Drug treatments are essential for the survival of cancer patients. Unfortunately, medications needed for treatment can also cause permanent disabling side effects, severely impacting on the quality of life of patients already suffering the devastating consequences of cancer.
Although platinum-based drugs such as cisplatin are highly effective and are the most frequently used class of cancer medications, they are also accompanied by severe side effects. In fact, up to 80% of patients treated with cisplatin lose some ability to hear and/or experience kidney injury.
If clinicians were able to predict which patients are most likely to experience these side effects before prescribing cisplatin, they could take measures to avoid their occurrence. Pharmacogenomics, the study of how genetic differences influence why we respond differently to medications, aims to provide clinicians with this predictive information.

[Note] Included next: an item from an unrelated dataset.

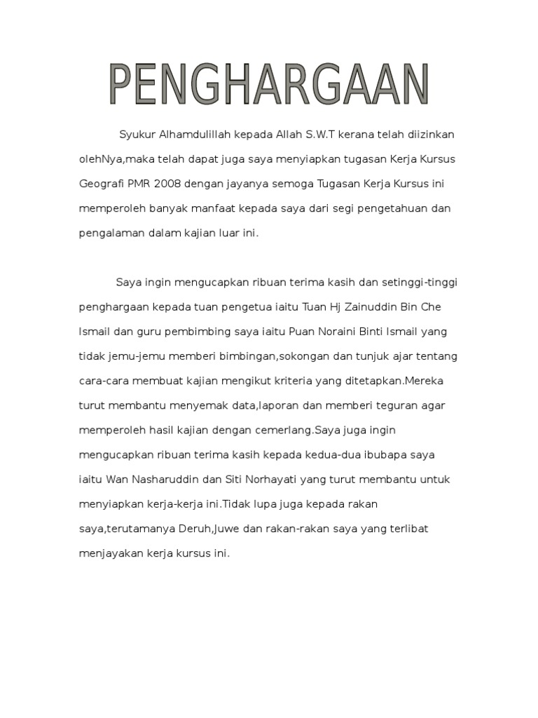 PENGHARGAAN Terlebih dahulu saya ingin mengucapkan syukur Alhamdulillah ke hadrat Allah SWT kerana di atas limpah dan kurniaNya maka dapatlah saya menyiapkan tesis ini dengan jayanya walaupun menempuhi pelbagai dugaan dan rintangan. Cara menulis penghargaan asignment by leiazaifin in types creative writing terima kasih. Mereka telah memberikan saya segala kemudahan dan sokongan moral yang.

Dr. Drogemoller will investigate patients receiving cisplatin to identify the genetic and clinical variables that are associated with high risk of kidney failure and hearing loss. She will use these results to guide the development of predictive tests and novel treatment strategies. The results of this research will allow for the implementation of personalized treatment strategies which optimize benefits and reduce the chance of harm for cancer patients.
Patients with Inflammatory Bowel Disease (IBD) suffer bouts of extreme gut inflammation that disrupt the population of bacteria in their intestines. Consequently, IBD patients often have fewer beneficial bacteria and suffer an overgrowth of potentially dangerous bacteria. In healthy individuals, such responses are typically prevented by SIGIRR, a protein made by the cells that line the gut.
SIGIRR acts by suppressing mechanisms that drive inflammation. Loss of SIGIRR dramatically increases inflammation and drives bacterial imbalance. The inflammation can become so severe that gut tissue can become necrotic. Currently, there is no way to promote the beneficial actions of SIGIRR in the gut. Recently, however, a newly recognized anti-inflammatory compound called interleukin (IL)-37 has been shown to interact with SIGIRR to inhibit inflammatory responses in human cells.
Dr. Allaire will test whether IL-37 stimulates SIGIRR to: control inflammation and suppress bacterial killing responses in the cells that line the gut; protect mice from experimentally-induced IBD; and promote normal gut microbe balance. Results from this study will include an evaluation of the potential for IL-37 to act as a new therapeutic for patients with IBD.
Diabetes is one of the most common chronic diseases among adults, children and youth. In 2008/09, the Canadian Chronic Disease Surveillance System reported 2,359,252 cases of diagnosed diabetes in Canada and a prevalence of 5.4% in British Columbia. Rates of type 1 diabetes (T1D) among children and youth have been on the rise globally. Poor control of diabetes leads to various complications such as cardiovascular disease, stroke, blindness and renal failure, resulting in a shorter and a reduced quality of life.
One of the major pathologies in diabetes is a deficiency of insulin, which is secreted from pancreatic beta cells. Patients with T1D require insulin therapy throughout their life because most of their beta cells are destroyed by autoimmune attack. Even through insulin treatment, reduced glycemic control makes complications and hypoglycemia-induced coma more likely.
Islet transplantation is a promising therapy for T1D that removes the need for insulin therapy. However, some limitations remain such as the supply of donor islets, the need for lifelong systemic immune suppression, and graft failure. Today, human embryonic stem cell (hESC)-derived surrogate beta cells are in clinical trials; however, it is likely that these cells will not be protected from immune attack.
Dr. Sasaki will generate CRISPR-Cas9-edited hESCs that can be differentiated to beta cells that express CCL22 in order to protect hESC-derived islet cell graft from immune attack. If this approach is successful, the results of this study will further the optimization of functional and immune-tolerant surrogate beta cells, which will help pave the way towards a cure for T1D.